Как и ожидалось, практически все время Николаев потратил на убедительные просьбы проверить состояние дел. Не удержался он и от оглашения сводки криминальных новостей. До сих пор в его рейтинге самых громких преступлений начавшегося года значился разбой, при котором неизвестные злоумышленники унесли пятьдесят норковых шуб. Однако после того, как «опера из местного отделения, проявив чудеса в сыске, сумели раскрыть это тяжкое преступление», оно отошло на задний план. До сегодняшнего утра первое место пустовало. Но, как теперь становилось ясно, недолго.

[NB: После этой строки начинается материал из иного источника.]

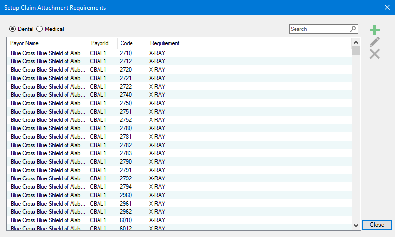 Many of the dental claim attachment requirements have been set up for you. You must add medical claim attachment requirements manually. When necessary, you can add, edit, and/or delete claim attachment requirements by payor.
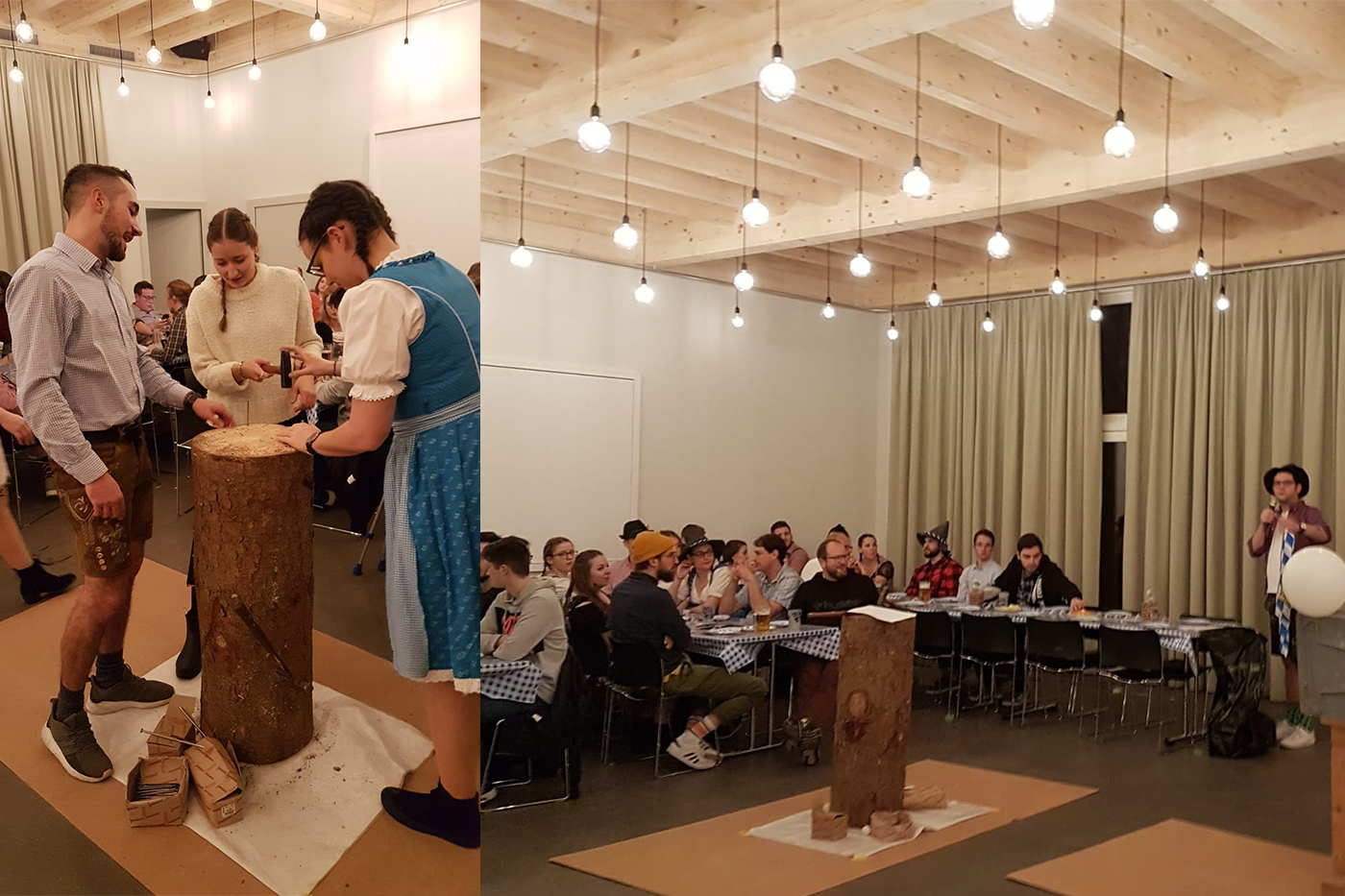Nach der Begrüssungsrede durch den seit 23 Jahren Mitgliederbeitrags-zahlenden Claudio fanden die gut betuchten Gäste sobald alle die Bar, welche den grosszügig kalkulierten Biervorrat leerten. Angeheitert durch die diversen flüssigen Stimmungsmacher lieferte der erste Spieldurchgang schon entscheidende Punkte für die vier verschiedenen Teams. Beim Krug-Stossen, Nageln, Lebkuchen-Herz verzieren sowie Büchsen-Schiessen (herzlichen Dank an dieser Stelle an Oli den Zimmermann, für den Einsatz bei der Erstellung der diversen Posten) versuchten die Teams, so viele Punkte wie möglich zu sammeln. Dies wurde mehrheitlich gut gelöst. Es wurde jedoch festgestellt, dass das Know-How und die Expertise der nicht an den Spielen teilnehmenden Herren 3 Vertreter gefehlt haben. Die Hendl, welche während den Spielen für den kulinarischen Höhepunkt (hihi) gesorgt haben, wurden allesamt mit Hochgenuss verspiesen. Die Entscheidung bezüglich der Gewinnergruppe wurde letztlich durch ein knappes Nageln entschieden. Aufgrund des Bierkonsums während des Berichteschreibens wissen wir nicht mehr, welche Gruppe gewonnen hat. Herzlichen Glückwunsch an dieser Stelle!
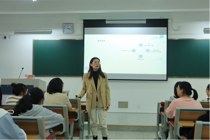 沈诗瑶从教学设计、职业规划、历程分享、教师素养几个模块出发,向在座的学弟学妹们讲述了自己在毕业前后不同时间段所面临的挑战、机遇以及积累的经验。

– Удивительный случай произошел сегодня в нашем районе, – сказал Николаев, обведя всех взглядом, как профессор – студентов. – Сгорел Терновский планетарий.
Струге закашлялся, как чахоточный, и едва не выронил ежедневник.
Выждав, пока Антон Павлович прокашляется, Виктор Аркадьевич продолжал:
– Вчера вечером, около двадцати двух часов, на пульт пожарной охраны района поступило сообщение, что из окон планетария вырываются клубы черного дыма…
– Астероид? – предположил судья Вересов.
Дождавшись, когда прекратится хихиканье, Николаев вновь приступил к рассказу.
– Прибывшие пожарные присвоили пожару второй уровень и приступили к пожару. Тушение длилось шесть часов, но спасти здание не удалось. Оно выгорело дотла. Рухнула даже крыша, не говоря уже о перегородках. Жертв не было, однако, когда пожарные определили причину возгорания, возникли вопросы. Возгорание случилось из-за короткого замыкания. Ружейный обрез, непонятно как оказавшийся в планетарии, упал на сетку под куполом и, доехав до уступа, заклинил движение поворотного механизма, вращающего бутафорию. В результате двигатель не выдержал напряжения и… Наши районные сыщики обнаружили лишь один след обуви. Отпечаток подошвы датских туфель «экко» сорок второго размера. Так что есть шанс…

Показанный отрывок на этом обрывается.